Pasta and peas
17/11/2023Here is the classic Italian recipe for pasta and peas:
Ingredients
- 320 g of pasta (ditalini or tubetti are usually used)
- 300 g of fresh or frozen peas
- 1 small onion
- 50 g of smoked pancetta (optional)
- 2 tablespoons of extra virgin olive oil
- Salt and pepper to taste
- Vegetable broth or water as needed
- Grated Parmesan cheese for serving (optional)
Preparation
- Begin by finely chopping the onion and cutting the pancetta into small cubes if you choose to use it.
- In a pot, heat the extra virgin olive oil and add the chopped onion (and pancetta, if using). Sauté until the onion becomes translucent and the pancetta is lightly golden.

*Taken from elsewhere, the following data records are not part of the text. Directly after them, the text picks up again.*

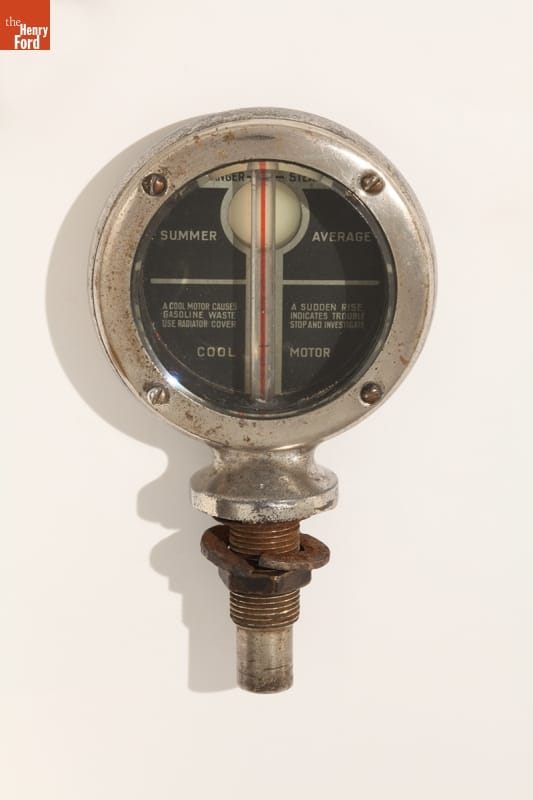 Automobiles often came without temperature gauges before the early 1930s, so enterprising manufacturers sold aftermarket motometers. Mounted on a car's radiator, these devices measured and displayed coolant water vapor temperature, notifying drivers if their automobiles were in danger of overheating. Moto-Meter Co. Inc. dominated the American market, producing the popular Boyce motometer and others featuring an automotive manufacturer's name or logo.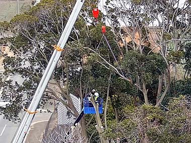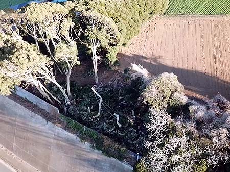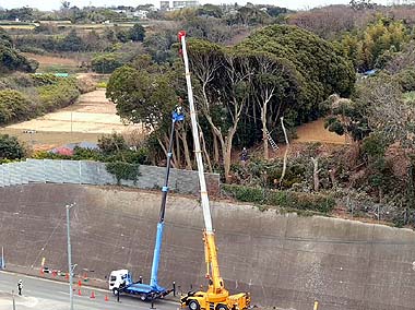 三浦市・小谷戸:よう壁上の危険な雑木伐採プロジェクト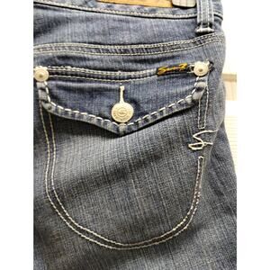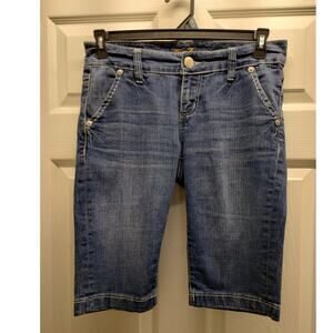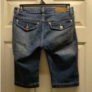 Seven7 Women's Size 6 Denim Blue Jean Shorts Bermuda Whiskered Two-Pocket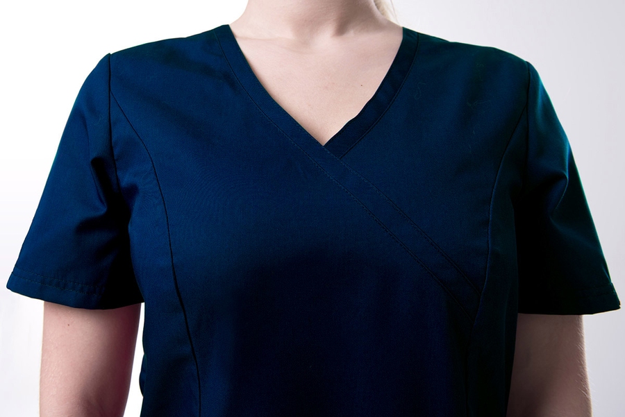 Женская блуза-хирургичка с V-образным вырезом горловины.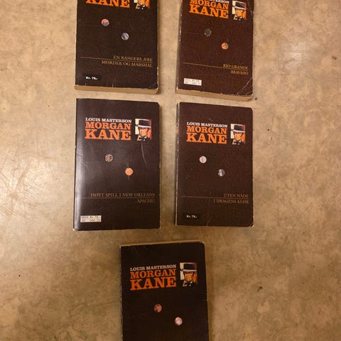 Selger 77 Stk. Morgan kane pocketbøker. Har også: Mustang,Clay Allison,Louis Masterson og Alaska romaner. Sender med posten
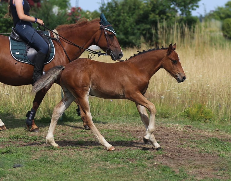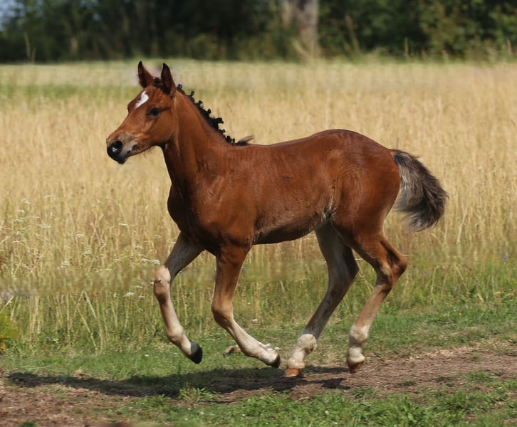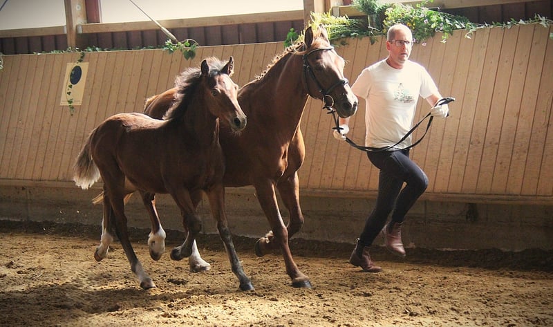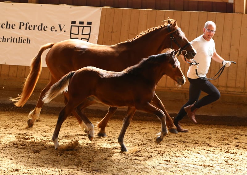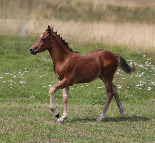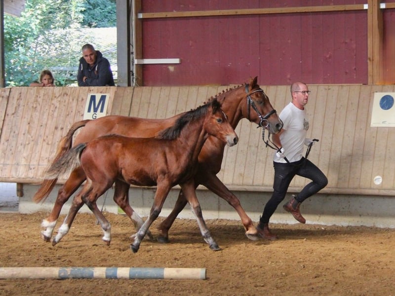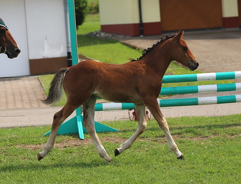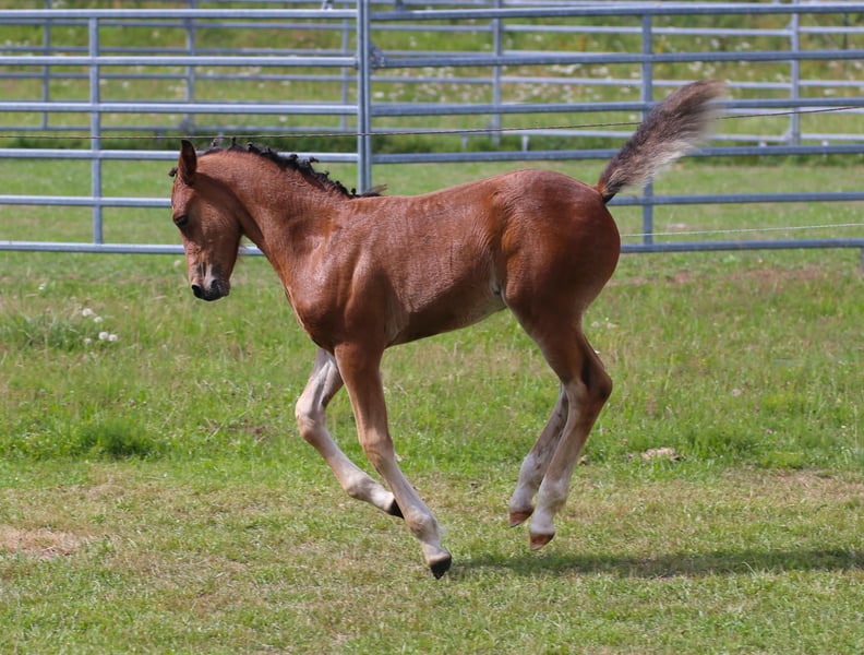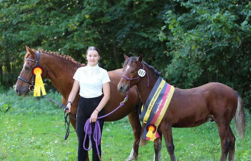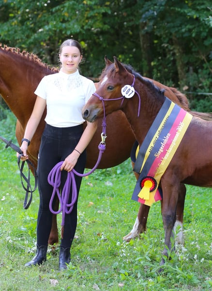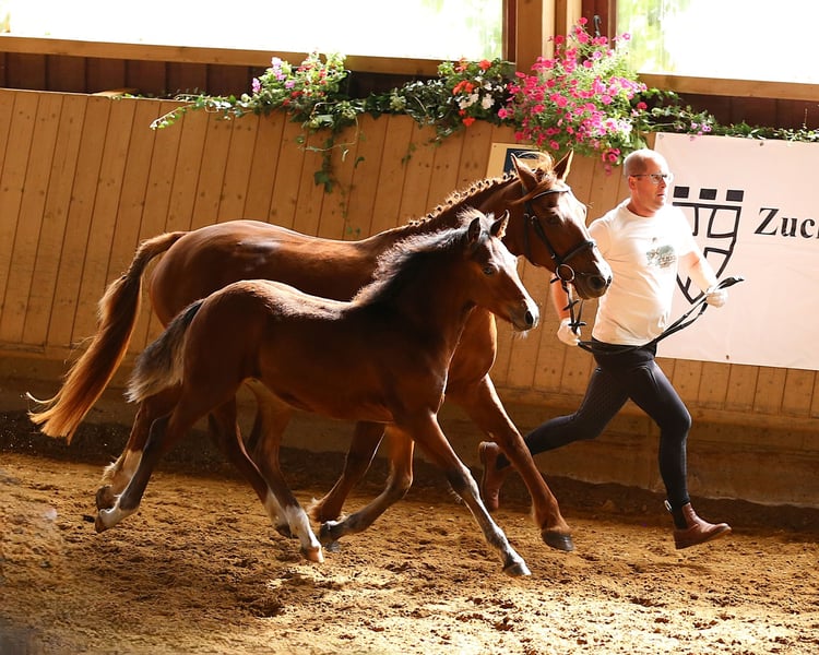 Connemara Championatsfohlen - Athletisch & Klug Hengst - Prince Pascal Dein zukünftiger Sport- und Freizeitpartner – Badger‘s Hill Prince Pascal: Pascal ist das vierte Fohlen unserer großartigen Stute Sahara Princess und das fünfte Fohlen von Birdmountain Younique. Er ist ein auffälliges, sensibles und äußerst kluges Connemara-Hengstfohlen mit sportlichem Körperbau, das seine Umgebung aufmerksam beobachtet. Geburtsdatum: 18.05.2025 Geschlecht: Hengst Rasse: Connemara Pony Geburtsort: Badger's Hill Ranch, 79875 Dachsberg, DE Stockmaß: Voraussichtlich ca. 145 cm Farbe: Brauner, kann Schimmel werden HWSD-Status: N/N Zuchtverband: ZfDP, Connemara Pony Titel: Championatsfohlen beim ZfdP Stuten- und Fohlenchampionat Baden-Württemberg 2025 Preis: CHF 4.200 Als Siegerfohlen der ZfdP Fohlenschau Baden-Württemberg 2025 überzeugte er durch korrekten Körperbau und überdurchschnittliche Grundgangarten, die ihm diesen Titel verdienten. Vater: Birdmountain Younique (Bundessieger 2024 in Kat. 3–4-jährige Hengste, Connemara Pony IG) Mutter: Sahara Princess (Klassensiegerin beim ZfdP Stutenchampionat Baden-Württemberg 2025) Vater der Mutter: Slackport Prince (Clifden Supreme Champion 2018) Vater Birdmountain Younique ist ein herausragender Connemara-Hengst, der 2024 als Bundessieger in der Kategorie der 3-4-jährigen Hengste ausgezeichnet wurde. Mit seinen harmonischen Proportionen, einem gut aufgesetzten Hals und stabilen Gliedmaßen besticht er nicht nur durch geschmeidige und ausbalancierte Bewegungen, sondern auch durch ein ausgeglichenes Temperament. Younique ist vielseitig einsetzbar und ideal für sowohl ambitionierte als auch Freizeitreiter. Seine Nachkommen, darunter Hercules, zeigen seine besten Eigenschaften - Eleganz, Freundlichkeit und eine harmonische Körperstruktur. Mutter Sahara Princess ist Klassensiegerin beim ZfdP Stuten- und Fohlenchampionat Baden-Württemberg 2025. Sie ist außergewöhnlich athletisch, fein an den Hilfen und verfügt über eine bemerkenswerte innere Klarheit. Ihr Vater Slackport Prince, 2018 in Clifden als Supreme Champion ausgezeichnet, bringt bestes Connemara-Blut in ihre Ahnentafel ein. Als weise Leitstute überzeugt Sahara Princess mit natürlicher Autorität durch Präsenz, Sensibilität und Verlässlichkeit. Seit vielen Jahren begleitet sie uns als zuverlässige Reit- und Zuchtstute und nimmt eine zentrale Rolle in unserer Stutenherde ein. Mit ihrer ruhigen Ausstrahlung und klaren Kommunikation bringt sie Struktur in die Gruppe und wird von Pferden wie Menschen gleichermaßen geschätzt. Mit ihrer Qualität als Reit- und Zuchtstute bringt Sahara Princess zudem hervorragende Nachkommen hervor, die ihr Exterieur, ihre Leistungsbereitschaft und ihren Charakter erkennbar weitertragen. Charakter & Körperbau Prince Pascal ist ein aufmerksames und neugieriges Fohlen, das seine Umgebung genau beobachtet und schnell auf neue Eindrücke reagiert. Er wirkt sehr wach und sensibel, dabei ausgeglichen und freundlich im Umgang. Besonders auffällig ist sein soziales und menschenbezogenes Wesen - er sucht aktiv Kontakt und zeigt sich stets offen und zugänglich. Im Herdenverband tritt er eher dominant auf, jedoch ohne Übertreibung, und behält dabei stets eine faire, angenehme Art. Wie auch die anderen Nachkommen von Princess zeigt er bereits jetzt eine außergewöhnlich kräftige, muskulöse Statur und eine natürliche Athletik. Seine Bewegungen sind kraftvoll, dynamisch und gleichzeitig gut ausbalanciert - vielversprechend für sein junges Alter. Ausbildung & Training Pascal ist noch sehr jung, zeigt sich im täglichen Umgang aber bereits erstaunlich kooperativ. Er lässt sich problemlos am Halfter führen, überall anfassen und genießt das Putzen ebenso wie kleine gesunde Leckereien zwischendurch. Er begegnet neuen Routinen mit Interesse und Vertrauen. Mit zunehmendem Alter wird er gemeinsam mit den anderen Jungpferden an eine altersgerechte Grundausbildung herangeführt - mit viel Ruhe, klaren Strukturen und positiven Erfahrungen. Ziel ist es, spielerisch eine gute Kinderstube zu vermitteln, Kraft und Balance aufzubauen und ihn behutsam auf die weitere Bodenarbeit vorzubereiten. Haltung Pascal wächst auf großen, naturnahen Weiden im Schwarzwald auf - zusammen mit seiner Mutter, den jüngeren Geschwistern und mehreren Ponys und Pferden. So hat er genug Platz, um sich frei zu bewegen, und die Umgebung fördert seine soziale Entwicklung. Das Gelände ist abwechslungsreich und stärkt seine Trittsicherheit, Ausdauer und sein Immunsystem. Wenn er ca. sechs Monate alt ist, wird er abgesetzt und kommt in eine Jungpferdeherde, in der er weiterhin in Gemeinschaft aufwächst und spielerisch dazulernt. Pascal wird regelmäßig entwurmt und demnächst altersgerecht geimpft. Standort & Weitere Informationen Pascal befindet sich in Dachsberg, DE, sehr nahe an der Schweizer Grenze. Auf Wunsch können wir eine Kastration und/oder den Import in die Schweiz arrangieren. Für weitere Informationen und Fragen stehen wir Ihnen gerne zur Verfügung Connemara-Ponys Vielseitig und stark, tragen Connemara-Ponys mühelos mittelgrosse Erwachsene. Sie sind natürliche Springer (typischerweise bis zu 1,2 Meter hoch und auf Leistungsebene bis zu 1,4 Meter) mit eleganten Bewegungen, sehr robust und bekannt für ihre hohe Intelligenz. In der Dressur konkurrieren sie typischerweise bis zu den Niveaus L und auf Leistungsebene bis zu M. Unsere gut erzogenen Connemaras sind frei von Verhaltensproblemen wie Kicken oder Beissen. Es ist eine Freude, mit ihnen zu arbeiten und hervorragende Ergebnisse zu erzielen.

- Add the peas to the pot and mix well. Allow them to flavor for a few minutes.
- Pour in the vegetable broth or water just enough to thinly cover the peas and bring to a gentle boil.
- When the peas are almost cooked, add the pasta and stir well. If necessary, add more broth or hot water to ensure that the pasta is completely submerged.
- Cook the pasta following the timing suggested on the package, stirring occasionally.
- Adjust the salt and pepper, and finish cooking until the pasta is al dente and the liquid has reduced, leaving a tasty cream.
- Serve the hot pasta and peas with a sprinkle of grated Parmesan cheese if desired.
Interesting Facts
Pasta and peas is a very simple dish that is emblematic of Italian home cooking. It is a recipe that reflects the philosophy of cooking with a few fresh ingredients, bringing authentic flavors to the table. Traditionally, it is a dish prepared in the spring, when peas are fresh and sweet, but today it is easy to find it year-round thanks to frozen peas.